Monday, January 27, 2014

Beige Flags

Beige colored waving flag
Not every instance of ableism makes me see red. Some things just annoy me, bore me, or make me slightly peeved. I’ve come to think of these as my “Beige Flags”. Here are three examples:

Being called “Inspirational” ...

First of all, I don’t often get called “inspirational”. Mostly I read about others being termed “inspirational”, in print. Obviously, it’s a tired cliché, something people say when they want to be vaguely positive but don’t know what else to say. It’s also problematic, with a definite underdone of low expectations and prejudice. But, I’m really unsure of just how common the “inspirational” thing is in real life.

The other thing that sort of moderates my feelings is that I sometimes think that maybe inspiring other people isn’t the worst thing in the world, even if that inspiration is built on a flimsy premise.
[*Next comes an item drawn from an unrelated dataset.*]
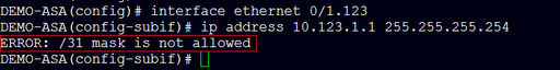 Aight lets try this on my ASA… and BAM! ASA doesn’t like /31 (I hate firewalls anyway)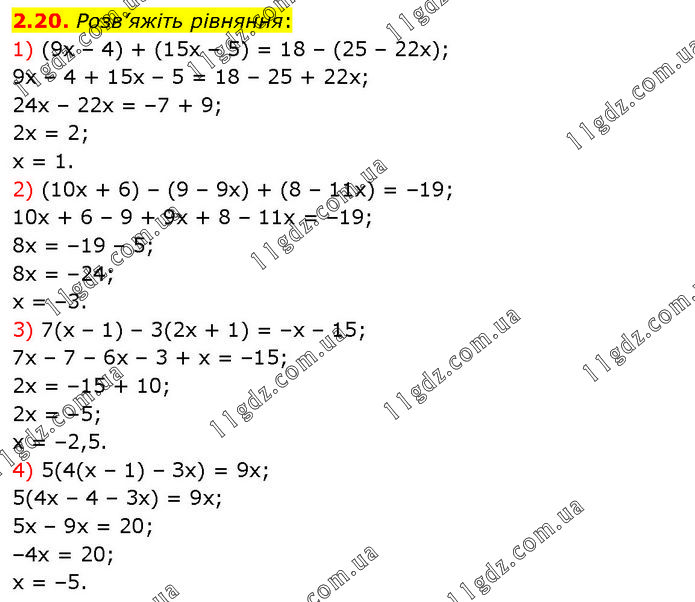 Розв’яжіть рівняння: 1) (9х – 4) + (15х – 5) = 18 – (25 – 22х); 9х – 4 + 15х – 5 = 18 – 25 + 22х; 24х – 22х = –7 + 9; 2х = 2; х = 1. 2) (10x + 6) – (9 – 9х) + (8 – 11x) = –19; 10х + 6 – 9 + 9х + 8 – 11х = –19; 8х = –19 – 5; 8х = –24; х = –3. 3) 7(х – 1) – 3(2х + 1) = –х – 15; 7х – 7 – 6х – 3 + х = –15; 2х = –15 + 10; 2х = –5; х = –2,5. 4) 5(4(х – 1) – Зх) = 9х; 5(4х – 4 – 3х) = 9х; 5х – 9х = 20; –4х = 20; х = –5.

Also, I sometimes think that maybe it’s not my place to police other peoples’ feelings. It’s important to call out prejudice, but at the same time, I don’t like being the sort of person who constantly goes around telling people they’re “doing it wrong”. If “inspiration” is what someone feels, why should I contradict them? Maybe it’s better to build on this starting point and just roll my eyes in private.

Unsolicited help …

Occasionally I’m reminded of how nervous some non-disabled are about social interactions with disabled people. Often this manifests in a fear that if they offer assistance, they’ll be scolded or shamed in some way. Apparently, we’re all really touchy about unsolicited help. I mean, we aren’t, really. We mainly get angry if we are touched or physically moved without our consent or direction. Being asked if we want help is quite a different matter, at least to me. Sometimes, even just being asked annoys me a bit, but it doesn’t make me angry. Again, it’s a Beige Flag for me, not a Red Flag. So to non-disabledp people wondering if it’s okay to offer help … just relax. If you want to offer, offer. As long as you respect our answers, you’re fine.

Sex ...

I am truly ambivalent about the whole subject of sex and disability. From my own perspective, the problem is twofold. For starters, I am disadvantaged by society’s dominant definitions of physical attractiveness. In general, I am not likely to be immediately, visually attractive to most women. I’m not saying this is absolute; it’s a matter of probability. Connected with this, but distinct from it, my own self-image has throughout my life been shaped by my perception of what other people find attractive and not attractive. As a result, I have self-limited myself and probably sent all sorts of discouraging signals when it comes to sexuality.

What I don’t really buy is the idea that there are these powerful taboos against people with disabilities having sex. I just don’t see it. I think there’s a lot of factual ignorance, and a sort absence of thought in which most non-disabled people simply never think of disabled people thinking about sex. But, I don’t hear much in the way of moral disapproval or disgust. The closest I’ve heard is people who have strong opinions about the wisdom of disabled people having kids, which I kind of think is a separate kind of question.

Still, I could get really resentful about all of this. It could be a Red Flag topic for me. What makes it less so is my feeling that a lot of the apparent barriers for me are internal and my own responsibility. That, and my strong belief that nobody has a “right” to sex that in any way supercedes individual likes, dislikes, and consent. I think it’s great and important to raise awareness … through discussion and photo projects for instance … of sexuality and disability. Maybe over time more people will have more open minds, and conceptions of beauty and attractiveness will become broader and more inclusive. But, on a person to person level, I can’t act like my own sex life or lack of it is some sort of political thing. Other peoples’ lack of imagination doesn’t entitle me to any sort of consideration, other than what I’m willing and able to generate for myself.

In short, though I generally believe that “the personal is the political”, I really feel that when it comes to sex and disabled people, the issue is a lot more personal than it is political.

As always, I welcome contrary opinions and other examples, in the comments.